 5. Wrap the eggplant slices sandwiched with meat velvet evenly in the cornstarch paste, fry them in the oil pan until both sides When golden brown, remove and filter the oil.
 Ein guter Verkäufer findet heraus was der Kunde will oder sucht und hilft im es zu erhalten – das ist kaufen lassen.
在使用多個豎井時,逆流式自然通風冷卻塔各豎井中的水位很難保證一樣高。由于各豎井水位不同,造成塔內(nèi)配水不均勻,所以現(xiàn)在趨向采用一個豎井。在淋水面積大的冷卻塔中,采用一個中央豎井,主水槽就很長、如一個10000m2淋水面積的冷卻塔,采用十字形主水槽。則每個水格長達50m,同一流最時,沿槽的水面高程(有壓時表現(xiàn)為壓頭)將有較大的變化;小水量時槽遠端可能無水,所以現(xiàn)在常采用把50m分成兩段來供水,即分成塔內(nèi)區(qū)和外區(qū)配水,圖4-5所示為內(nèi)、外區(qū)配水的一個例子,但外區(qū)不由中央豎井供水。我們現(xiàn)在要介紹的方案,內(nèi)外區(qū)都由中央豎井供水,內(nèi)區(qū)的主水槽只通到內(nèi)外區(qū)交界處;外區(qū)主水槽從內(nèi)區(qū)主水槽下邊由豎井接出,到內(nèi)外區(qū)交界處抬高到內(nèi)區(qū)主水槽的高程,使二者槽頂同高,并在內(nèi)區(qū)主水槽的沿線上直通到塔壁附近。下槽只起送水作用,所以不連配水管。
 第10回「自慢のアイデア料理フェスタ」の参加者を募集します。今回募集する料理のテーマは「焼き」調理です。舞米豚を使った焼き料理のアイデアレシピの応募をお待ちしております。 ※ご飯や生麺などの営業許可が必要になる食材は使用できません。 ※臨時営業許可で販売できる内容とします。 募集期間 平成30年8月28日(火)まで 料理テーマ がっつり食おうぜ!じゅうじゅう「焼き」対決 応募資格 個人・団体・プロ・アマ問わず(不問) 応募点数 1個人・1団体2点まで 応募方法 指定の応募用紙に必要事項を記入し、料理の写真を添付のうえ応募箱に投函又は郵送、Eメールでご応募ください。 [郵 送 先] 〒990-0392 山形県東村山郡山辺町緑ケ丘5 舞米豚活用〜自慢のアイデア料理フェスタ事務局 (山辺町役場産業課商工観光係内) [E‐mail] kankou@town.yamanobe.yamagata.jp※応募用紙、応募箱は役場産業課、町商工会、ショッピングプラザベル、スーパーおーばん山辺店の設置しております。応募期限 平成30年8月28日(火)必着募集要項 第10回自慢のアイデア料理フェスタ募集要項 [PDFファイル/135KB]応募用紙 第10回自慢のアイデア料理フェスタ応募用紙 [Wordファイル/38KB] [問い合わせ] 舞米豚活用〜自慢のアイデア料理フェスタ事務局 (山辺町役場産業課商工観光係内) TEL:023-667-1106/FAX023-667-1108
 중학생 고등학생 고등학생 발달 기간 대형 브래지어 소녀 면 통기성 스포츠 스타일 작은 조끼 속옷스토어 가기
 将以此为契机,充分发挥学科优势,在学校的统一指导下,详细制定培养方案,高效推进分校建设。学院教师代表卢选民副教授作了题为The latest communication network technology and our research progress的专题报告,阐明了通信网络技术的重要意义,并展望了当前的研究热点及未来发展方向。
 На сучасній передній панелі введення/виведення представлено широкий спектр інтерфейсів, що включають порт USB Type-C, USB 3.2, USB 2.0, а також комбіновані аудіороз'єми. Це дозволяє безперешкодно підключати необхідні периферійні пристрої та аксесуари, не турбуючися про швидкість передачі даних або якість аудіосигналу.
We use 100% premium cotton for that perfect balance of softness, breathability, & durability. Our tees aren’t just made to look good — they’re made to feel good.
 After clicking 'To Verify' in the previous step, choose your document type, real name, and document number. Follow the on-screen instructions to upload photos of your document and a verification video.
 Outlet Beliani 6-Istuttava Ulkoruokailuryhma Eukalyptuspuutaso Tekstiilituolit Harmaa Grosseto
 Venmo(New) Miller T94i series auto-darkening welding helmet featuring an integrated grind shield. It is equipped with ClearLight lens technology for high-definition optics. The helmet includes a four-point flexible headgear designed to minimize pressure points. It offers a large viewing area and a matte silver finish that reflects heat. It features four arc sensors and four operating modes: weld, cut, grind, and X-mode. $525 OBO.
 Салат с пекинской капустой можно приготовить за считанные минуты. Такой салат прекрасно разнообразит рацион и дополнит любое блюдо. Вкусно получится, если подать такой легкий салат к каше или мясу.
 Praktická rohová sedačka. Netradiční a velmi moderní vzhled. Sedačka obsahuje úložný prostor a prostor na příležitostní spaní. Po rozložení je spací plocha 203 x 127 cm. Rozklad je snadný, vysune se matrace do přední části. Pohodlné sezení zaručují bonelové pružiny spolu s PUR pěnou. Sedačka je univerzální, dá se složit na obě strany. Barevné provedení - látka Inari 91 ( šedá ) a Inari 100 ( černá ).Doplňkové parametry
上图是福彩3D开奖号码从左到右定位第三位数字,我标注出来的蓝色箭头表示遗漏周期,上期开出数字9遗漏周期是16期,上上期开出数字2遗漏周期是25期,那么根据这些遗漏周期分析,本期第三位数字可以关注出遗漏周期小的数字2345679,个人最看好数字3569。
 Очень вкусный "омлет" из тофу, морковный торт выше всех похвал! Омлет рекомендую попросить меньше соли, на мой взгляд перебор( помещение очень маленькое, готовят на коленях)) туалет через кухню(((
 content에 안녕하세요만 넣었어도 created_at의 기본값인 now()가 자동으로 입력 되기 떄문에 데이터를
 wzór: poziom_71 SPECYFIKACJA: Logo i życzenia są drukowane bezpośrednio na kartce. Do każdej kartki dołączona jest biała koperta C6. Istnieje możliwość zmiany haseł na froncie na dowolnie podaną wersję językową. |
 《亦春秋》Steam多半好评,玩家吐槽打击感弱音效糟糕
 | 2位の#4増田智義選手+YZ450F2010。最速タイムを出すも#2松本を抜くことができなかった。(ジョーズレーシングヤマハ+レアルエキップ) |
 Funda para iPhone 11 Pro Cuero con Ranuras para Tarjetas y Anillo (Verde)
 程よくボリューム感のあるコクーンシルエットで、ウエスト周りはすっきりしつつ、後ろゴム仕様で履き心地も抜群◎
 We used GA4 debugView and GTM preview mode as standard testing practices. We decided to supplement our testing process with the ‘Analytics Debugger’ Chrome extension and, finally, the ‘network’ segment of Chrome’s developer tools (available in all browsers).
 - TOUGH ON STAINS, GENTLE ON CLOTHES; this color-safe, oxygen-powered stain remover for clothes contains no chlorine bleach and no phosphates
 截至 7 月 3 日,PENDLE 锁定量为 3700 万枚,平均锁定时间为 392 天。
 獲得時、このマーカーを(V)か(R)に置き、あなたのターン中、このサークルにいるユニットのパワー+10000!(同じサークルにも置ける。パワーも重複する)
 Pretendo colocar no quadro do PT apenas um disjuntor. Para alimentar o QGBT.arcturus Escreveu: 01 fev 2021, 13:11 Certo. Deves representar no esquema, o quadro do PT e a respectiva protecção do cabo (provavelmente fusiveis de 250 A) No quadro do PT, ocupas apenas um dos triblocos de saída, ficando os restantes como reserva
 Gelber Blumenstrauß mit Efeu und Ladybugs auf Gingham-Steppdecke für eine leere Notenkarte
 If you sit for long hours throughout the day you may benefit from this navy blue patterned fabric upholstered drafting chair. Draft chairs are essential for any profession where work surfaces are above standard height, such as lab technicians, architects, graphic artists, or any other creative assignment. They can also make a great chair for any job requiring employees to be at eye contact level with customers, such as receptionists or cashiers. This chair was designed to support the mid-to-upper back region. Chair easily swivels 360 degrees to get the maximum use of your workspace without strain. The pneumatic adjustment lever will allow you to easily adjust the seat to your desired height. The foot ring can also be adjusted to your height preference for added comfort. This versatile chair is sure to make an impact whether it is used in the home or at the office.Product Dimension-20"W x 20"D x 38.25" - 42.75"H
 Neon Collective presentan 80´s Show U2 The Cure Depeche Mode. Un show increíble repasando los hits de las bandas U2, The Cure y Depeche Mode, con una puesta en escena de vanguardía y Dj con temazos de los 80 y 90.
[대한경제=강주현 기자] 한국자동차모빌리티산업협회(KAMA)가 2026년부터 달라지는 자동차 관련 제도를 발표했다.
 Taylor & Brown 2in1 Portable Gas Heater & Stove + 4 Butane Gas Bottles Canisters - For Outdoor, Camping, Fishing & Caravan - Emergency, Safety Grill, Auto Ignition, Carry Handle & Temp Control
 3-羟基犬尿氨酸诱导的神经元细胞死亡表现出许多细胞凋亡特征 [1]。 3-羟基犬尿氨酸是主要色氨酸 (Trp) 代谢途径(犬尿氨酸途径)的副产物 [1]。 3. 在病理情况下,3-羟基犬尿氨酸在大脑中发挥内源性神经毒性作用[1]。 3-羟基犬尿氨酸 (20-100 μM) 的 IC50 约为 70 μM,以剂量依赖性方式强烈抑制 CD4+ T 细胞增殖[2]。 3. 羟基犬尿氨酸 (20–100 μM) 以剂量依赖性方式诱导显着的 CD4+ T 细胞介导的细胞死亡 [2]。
☆ ☆ ☆ ☆ ☆ ☆ ☆
Task objective. Retype the records above, but only those lines that fall between the line containing "wzór: poziom_71 SPECYFIKACJA: Logo" and the line containing "程よくボリューム感のあるコク", with both of those lines included, exactly as written.

Exercise solution.
 wzór: poziom_71 SPECYFIKACJA: Logo i życzenia są drukowane bezpośrednio na kartce. Do każdej kartki dołączona jest biała koperta C6. Istnieje możliwość zmiany haseł na froncie na dowolnie podaną wersję językową. |
 《亦春秋》Steam多半好评,玩家吐槽打击感弱音效糟糕
 | 2位の#4増田智義選手+YZ450F2010。最速タイムを出すも#2松本を抜くことができなかった。(ジョーズレーシングヤマハ+レアルエキップ) |
 Funda para iPhone 11 Pro Cuero con Ranuras para Tarjetas y Anillo (Verde)
 程よくボリューム感のあるコクーンシルエットで、ウエスト周りはすっきりしつつ、後ろゴム仕様で履き心地も抜群◎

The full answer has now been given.